[GIVEN DATA]

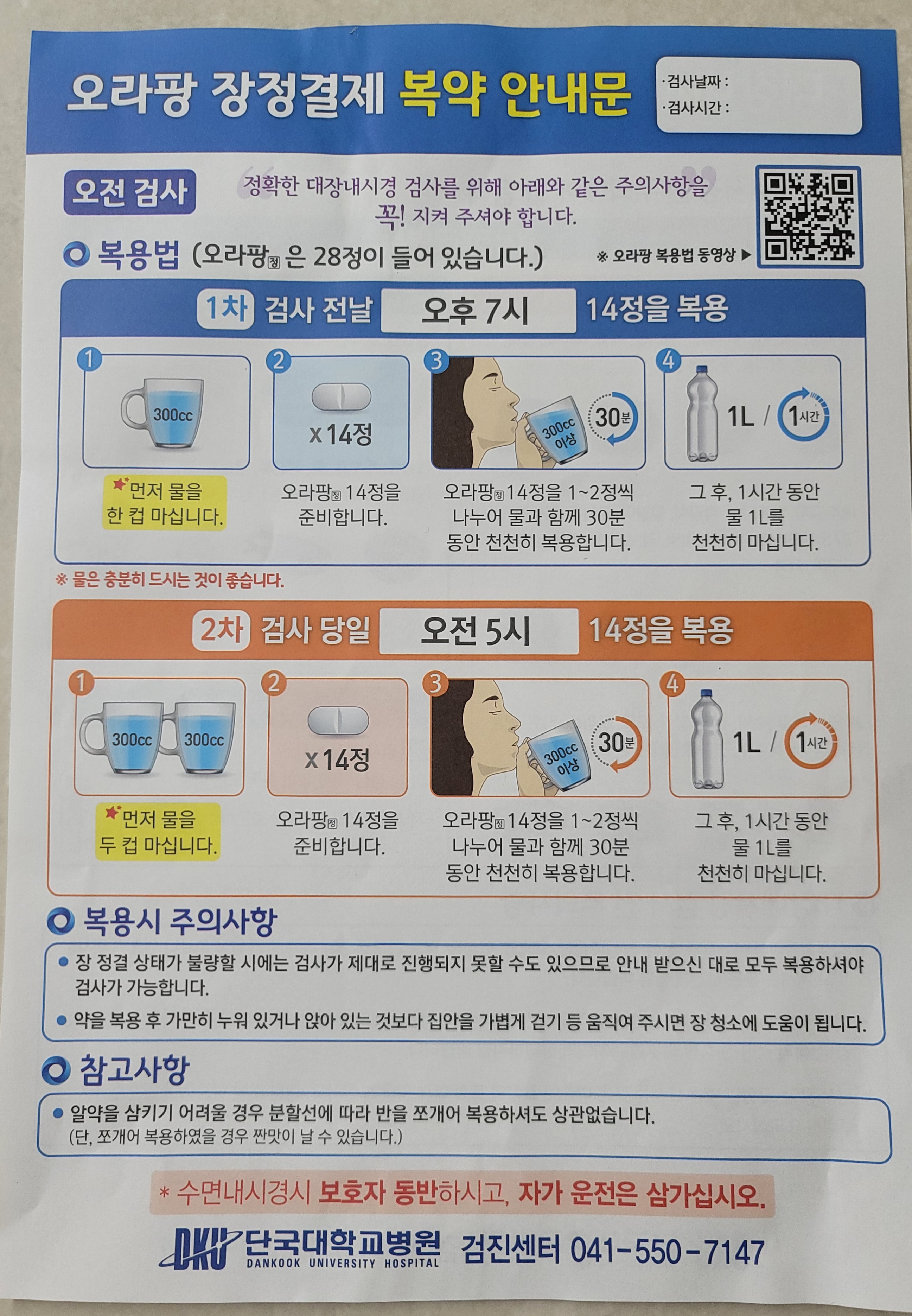 대장내시경이 포함되어 있는 내시겨이라 검사 전에 약을 먹을 수밖에 없는 상황
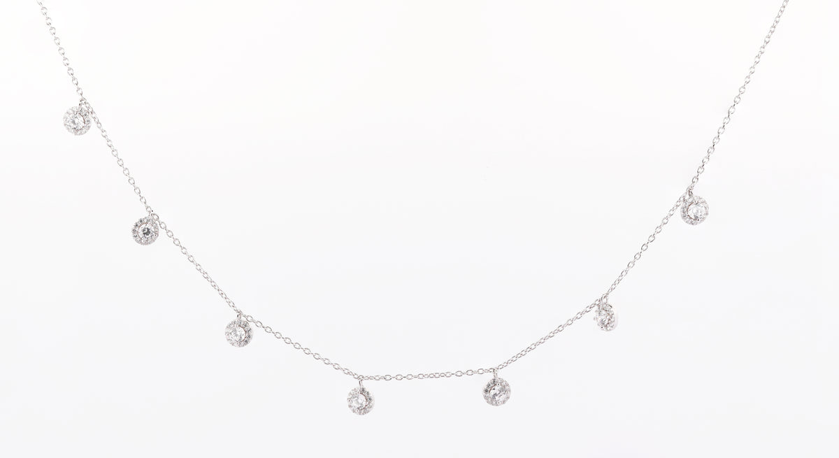 92.5 Sterling Silver Dangling Bezel Charm Chain Pendant 13262 - Rhodium / White / 3.41
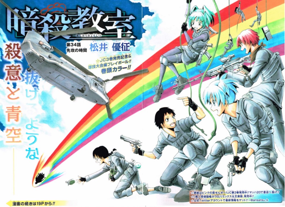 まず最初に書かせて頂きます。いつも私が冒頭に書く「無事に週刊少年ジャンプが発売されました」という言葉。あの災害からちょうど二年たった今日、ジャンプが基本毎週月曜日に発売されているように、当たり前の日常に感謝しなければと自分自身を戒めています。これからも一回一回の更新を大切に取り組んでいこうと思います。今週号の表紙は「暗殺教室」です。地球は我が物と言わんばかりの絵です(^_^;)・巻頭カラー…暗殺教室・センターカラー…ニセコイ・ハイキュー!・読み切り…なしそれでは、今回も気になった漫画について書いていこうと思います。暗殺教室…E組 VS 野球部の試合がスタート。プレイボーイ!中坊の分際で140キロを出す実力者。加えて180㌢もの長身。天が二物を与えた権化のような存在感。改めて書きますが、この漫画の舞台は中学です。E組はパワーで対抗せず、「奇策」メインの戦術。まぁ、殺せんせーが指示しているんですが…。一番打者が行ったのは「バント」。俊足が持ち味の木村が、まず一塁へ。続く二番打者・渚。同じくバントをし、ノーアウト二塁の展開へ。なぜ140キロの豪速球をバントできるかって??それは…140キロの倍の速度の球で練習していたからですよ!走・攻・守完璧な選手がE組にいるってのが野球部最大の誤算。左下の捕手の心理攻撃は笑えたwww。ノーアウト満塁で迎えた状況を、E組以外誰が考えたでしょう。4番バッター・杉野がピッチャーの進藤と睨み合います。「俺が今やっているのは、野球なのか…?」バッターに畏怖する進藤。バントかと思いきや、直前に持ち方を変えてスリーベースヒット!ノーアウトで3失点は結構メンタルきますね。(一見)素人相手に。ここで殺せんせーの宿敵・理事長が参上。試合中なのに選手ではなく、異例の「監督交代」。嵐が吹き荒れるぜ。黒子のバスケ…準決勝が終わり、明日の決勝に備えて戦士たちは休息の時間を。火神の家で過ごします。これから一人暮らしをする人は、気をつけて下さいね。特に野郎の場合、大人数の避難所に使われる可能性が高いですよ。食事を終えたメンバーたちは、黒子の話を聞き始めます。帝光中学の歴史を…。中学時代から目立たない能力が開花している黒子。文学青年だと、緑間と間違われる始末。笑黒子は小学生の時に知り合った友人との約束を果たすため、黒子はバスケ部の門を叩く。入部テストは、1軍~3軍の振り分けから。強者のみが求められる世界。やはり現実は甘く無いですね。黒子は3軍からスタート。友人との約束を守れなかった…。が、諦めずに前を見る姿勢、私は大好きですよ。3軍・2軍の発表に続き、最後の「1軍」の発表。前代未聞の珍事です。今まで1年生で1軍はないのに…。ここに、キセキの世代が集う…!
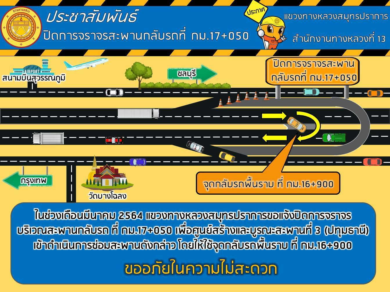 กรมทางหลวง แจ้งเบี่ยงการจราจรทางหลวงหมายเลข 34 (ถนนนพรัตน) ที่ กม.17+050 เพื่อซ่อมสะพานลอยกลับรถ ตั้งแต่บัดนี้ เป็นต้นไป

[EXERCISE DESCRIPTION] The response has to be an exact copy of all the data, pictures excluded.

[ANSWER FOR THE TASK]
 대장내시경이 포함되어 있는 내시겨이라 검사 전에 약을 먹을 수밖에 없는 상황
 92.5 Sterling Silver Dangling Bezel Charm Chain Pendant 13262 - Rhodium / White / 3.41
 まず最初に書かせて頂きます。いつも私が冒頭に書く「無事に週刊少年ジャンプが発売されました」という言葉。あの災害からちょうど二年たった今日、ジャンプが基本毎週月曜日に発売されているように、当たり前の日常に感謝しなければと自分自身を戒めています。これからも一回一回の更新を大切に取り組んでいこうと思います。今週号の表紙は「暗殺教室」です。地球は我が物と言わんばかりの絵です(^_^;)・巻頭カラー…暗殺教室・センターカラー…ニセコイ・ハイキュー!・読み切り…なしそれでは、今回も気になった漫画について書いていこうと思います。暗殺教室…E組 VS 野球部の試合がスタート。プレイボーイ!中坊の分際で140キロを出す実力者。加えて180㌢もの長身。天が二物を与えた権化のような存在感。改めて書きますが、この漫画の舞台は中学です。E組はパワーで対抗せず、「奇策」メインの戦術。まぁ、殺せんせーが指示しているんですが…。一番打者が行ったのは「バント」。俊足が持ち味の木村が、まず一塁へ。続く二番打者・渚。同じくバントをし、ノーアウト二塁の展開へ。なぜ140キロの豪速球をバントできるかって??それは…140キロの倍の速度の球で練習していたからですよ!走・攻・守完璧な選手がE組にいるってのが野球部最大の誤算。左下の捕手の心理攻撃は笑えたwww。ノーアウト満塁で迎えた状況を、E組以外誰が考えたでしょう。4番バッター・杉野がピッチャーの進藤と睨み合います。「俺が今やっているのは、野球なのか…?」バッターに畏怖する進藤。バントかと思いきや、直前に持ち方を変えてスリーベースヒット!ノーアウトで3失点は結構メンタルきますね。(一見)素人相手に。ここで殺せんせーの宿敵・理事長が参上。試合中なのに選手ではなく、異例の「監督交代」。嵐が吹き荒れるぜ。黒子のバスケ…準決勝が終わり、明日の決勝に備えて戦士たちは休息の時間を。火神の家で過ごします。これから一人暮らしをする人は、気をつけて下さいね。特に野郎の場合、大人数の避難所に使われる可能性が高いですよ。食事を終えたメンバーたちは、黒子の話を聞き始めます。帝光中学の歴史を…。中学時代から目立たない能力が開花している黒子。文学青年だと、緑間と間違われる始末。笑黒子は小学生の時に知り合った友人との約束を果たすため、黒子はバスケ部の門を叩く。入部テストは、1軍~3軍の振り分けから。強者のみが求められる世界。やはり現実は甘く無いですね。黒子は3軍からスタート。友人との約束を守れなかった…。が、諦めずに前を見る姿勢、私は大好きですよ。3軍・2軍の発表に続き、最後の「1軍」の発表。前代未聞の珍事です。今まで1年生で1軍はないのに…。ここに、キセキの世代が集う…!
 กรมทางหลวง แจ้งเบี่ยงการจราจรทางหลวงหมายเลข 34 (ถนนนพรัตน) ที่ กม.17+050 เพื่อซ่อมสะพานลอยกลับรถ ตั้งแต่บัดนี้ เป็นต้นไป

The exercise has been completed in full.